= Athenian Greek-Phoenician inscriptions =

Phoenician inscriptions found in Athens, Greece

The Athenian Greek-Phoenician inscriptions are 18 ancient Phoenician inscriptions found in the region of Athens, Greece (also known as Attica). They represent the second largest group of foreign inscriptions in the region after the Thracians (25 inscriptions). 9 of the inscriptions are bilingual Phoenician-Greek and written on steles. Almost all of them bear the indication of the deceased's city of origin, not just the more general designation of their ethnicity, like most other non-Greek inscriptions in the region.

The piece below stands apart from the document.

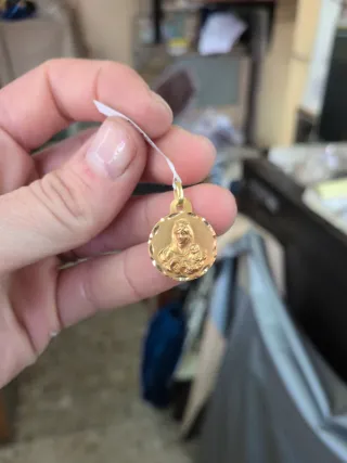 Colgante de oro con un peso de 7.11 gramos. Oro de 18k, diferente por los dos lados - Diseño circular. - Imagenes religiosas grabadas. - Borde texturizado.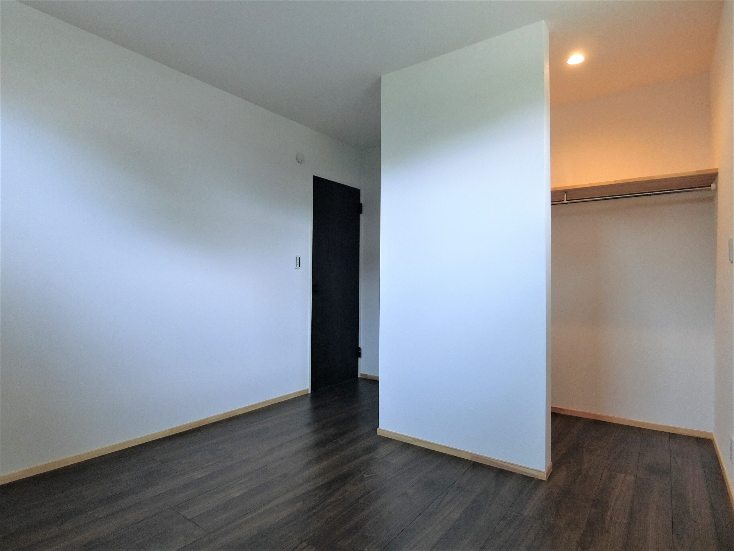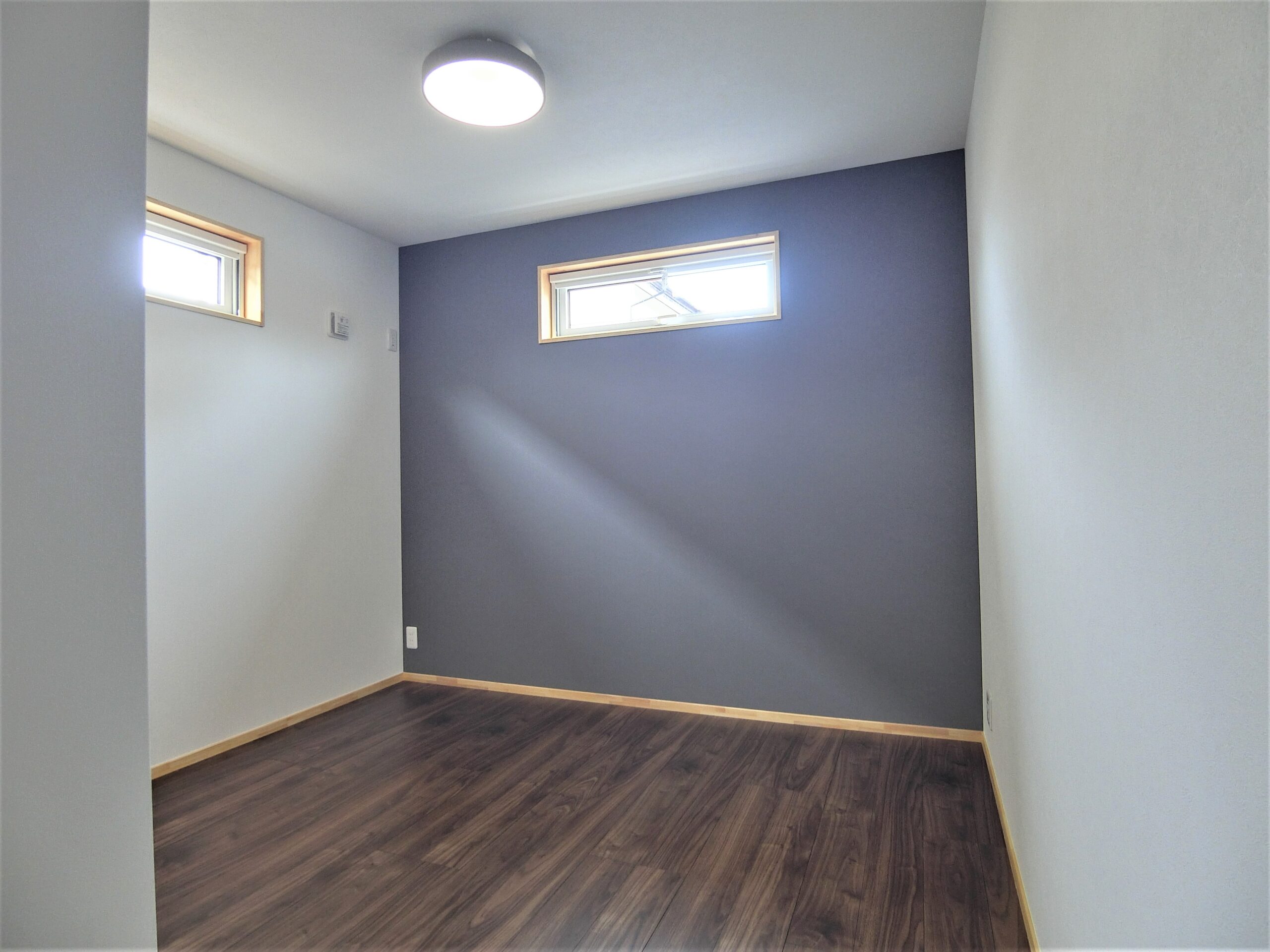 | ③主寝室 | 寝るだけのイメージなので床やアクセントクロスもダーク系でまとめて落ち着いた空間になってます。 |

== The bilingual inscriptions ==

=== Athens inscriptions ===

| Dedicated to | Image | Type | Discovered | Date | Current Location | Concordance |  |  |  |  |  |  |
| KAI | CIS / RÉS | NE | KI | NSI | TSSI | IG II^{2} |
| Artemidoros son of Heliodoros of Sidon = Abdtanit, son of Abdshamash, of Sidon | An inscription | Funerary | 1795 | ca. 340 BC | British Museum (BM 1861,0726.1 and 1937,1211.1) | 53 | I 116 | 424,2 | 45 |  | III 40 | 10270 |
| Antipatros son of Aphrodisias of Askalon = Shem son of Abdashtart of Askalon | An inscription | Funerary | 1861 | 300s BC | National Archaeological Museum, Athens (NM 1488) | 54 | I 115 | 424,1 | 46 | 32 |  | 8388 |
| Benḥudeš, son of 'Abdmilqart, son of 'Abdšamaš, son of TGNṢ of Kition = Noumenios of Citium | An inscription | Funerary | 1794 | ca. 300 BC | Louvre (AO 4834) | 55 | I 117 | 424,3 | 47 | 34 |  | 9034 |
| Erene of Byzantium | An inscription | Funerary | 1831 |  | Archaeological Museum of Piraeus (3582) | 56 | I 120 | 425,1 | 48 |  |  | 8440 |

=== Piraeus inscriptions ===

| Dedicated to | Image | Type | Discovered | Date | Current Location | Concordance |  |  |  |  |  |  |
| KAI | CIS / RÉS | NE | KI | NSI | TSSI | IG II^{2} |
| Maḥdaš son of Pene-Simlat of Kition = Noumenios of Kition | An inscription | Funerary | 1884 | 200s BC |  | 57 | R 388 | 425,2 | 49 |  |  | 9035 |
| Askun-Adar | An inscription | Dedication | 1871 | 100 BC | Archaeological Museum of Piraeus | 58 | I 118 | 425,5 | 50 |  |  |  |
| Asept daughter of Esyselemos of Sidon = Asept daughter of Ešmunšillemi of Sidon | An inscription | Funerary | 1841 | 200s BC | Archaeological Museum of Piraeus | 59 | I 119 | 425,3 | 51 | 35 |  | 10271 |
| Diopeithes of Sidon = Shema'ba'al son of Magon (Marzēaḥ inscription) | An inscription | Decree | 1887 | ca. 300 BC | Louvre | 60 | R 1215 | 425,4 | 52 | 33 | III 41 | 2946 |
| Abdešmun son of Šallum son of Ab[...] | An inscription | Funerary | 1842 |  | Archaeological Museum of Piraeus (3850) |  | I 121 |  |  |  |  |  |

==Bibliography==
- Baslez, M.-Fr. (1991). "Atti del II congresso internazionale di Studi fenici e punici, volume 1"
- Briquel-Chatonnet, Françoise (2012). "Les inscriptions phénico-grecques et le bilinguisme des Phéniciens"
- Hildebrandt, Frank (2006). "Die attischen Namenstelen : Untersuchungen zu Stelen des 5. und 4. Jahrhunderts v. Chr."
- Pitt, Robert (2022). "Attic Inscriptions in UK Collections. Vol. 4.6. British Museum. Funerary Monuments"
- Tribulato, Olga (2013). "Phoenician Lions: The Funerary Stele of the Phoenician Shem/Antipatros"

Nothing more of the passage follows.